- About this task:
Starting with the first line of the data below, copy each line up to and including the one containing "your favorite songs.". Pictures stay out.

- Available data:
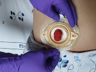 장루 교환 시기는 장루의 활동이 활발하지 않은 식전이나 식후 2~3시간 경과 후가 좋습니다. |
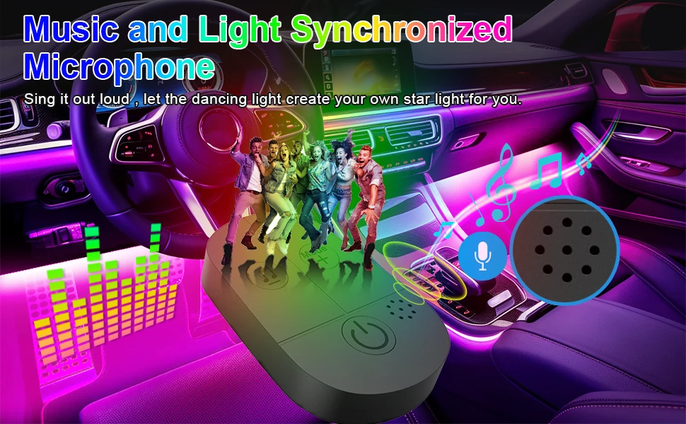 Press the "Music" button on the box, the lights and sounds inside the car will be sync, and the light colors that dance vibrantly to your favorite songs.
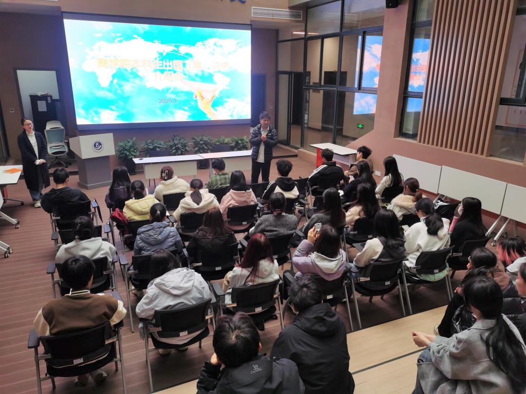 为进一步推进国际化交流,服务我校国际化建设,拓宽学生国际视野,提升跨文化交流能力。3月13日下午,商学院召开了本科生出国(境)访学介绍会。会议邀请了国际交流与合作处合作交流中心主任刘明敏老师。商学院副院长陈国栋主持会议,商学院各班级代表以及有意向出国交流的学生参加会议。
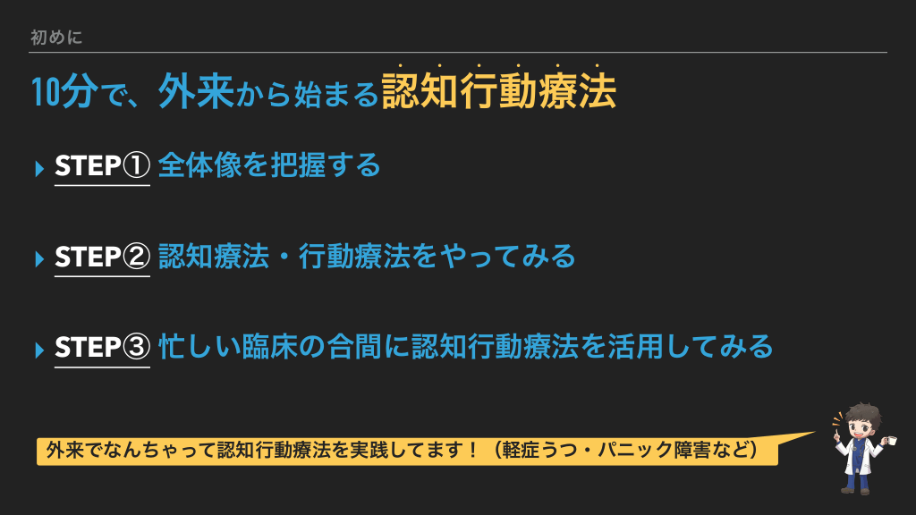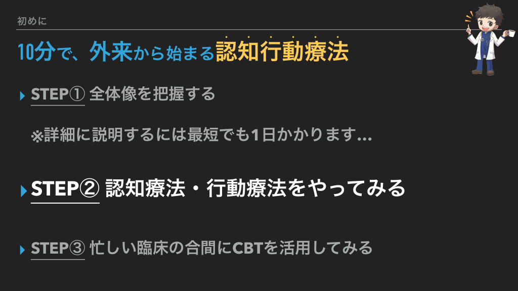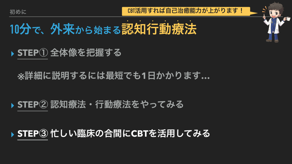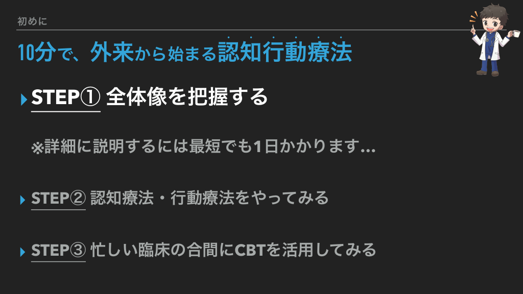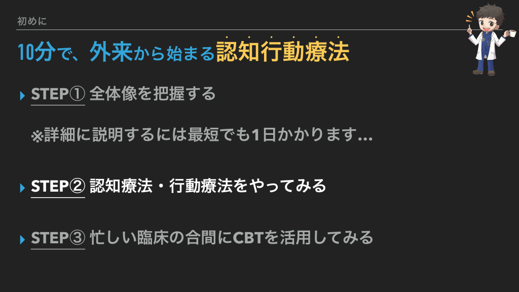 #4. 初めに • • • • • • 10分で、外来から始まる認知行動療法 ▸ STEP① 全体像を把握する ※詳細に説明するには最短でも1日かかります… ▸ STEP② 認知療法・行動療法をやってみる ▸ STEP③ 忙しい臨床の合間にCBTを活用してみる
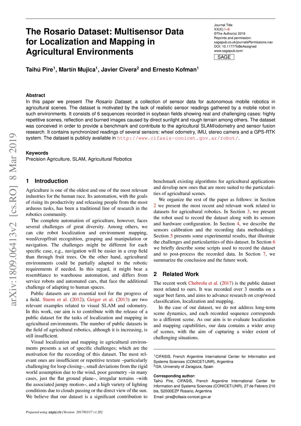 The Rosario Dataset: Multisensor Data for Localization and Mapping in
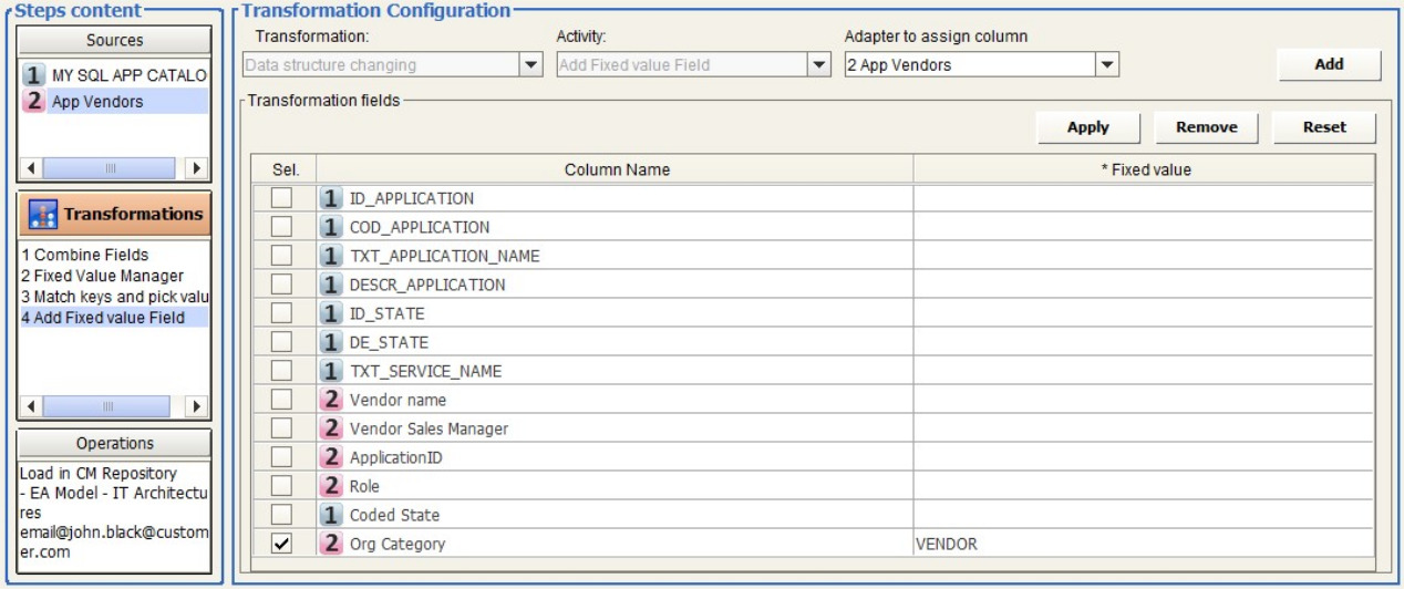 Choose “DATA STRUCTURE CHANGING” and “Add fixed value Field”, with name “Vendor Category” and value “VENDOR” and assign to Adapter “2 App Vendors”:

- Answer to this task:
 장루 교환 시기는 장루의 활동이 활발하지 않은 식전이나 식후 2~3시간 경과 후가 좋습니다. |
 Press the "Music" button on the box, the lights and sounds inside the car will be sync, and the light colors that dance vibrantly to your favorite songs.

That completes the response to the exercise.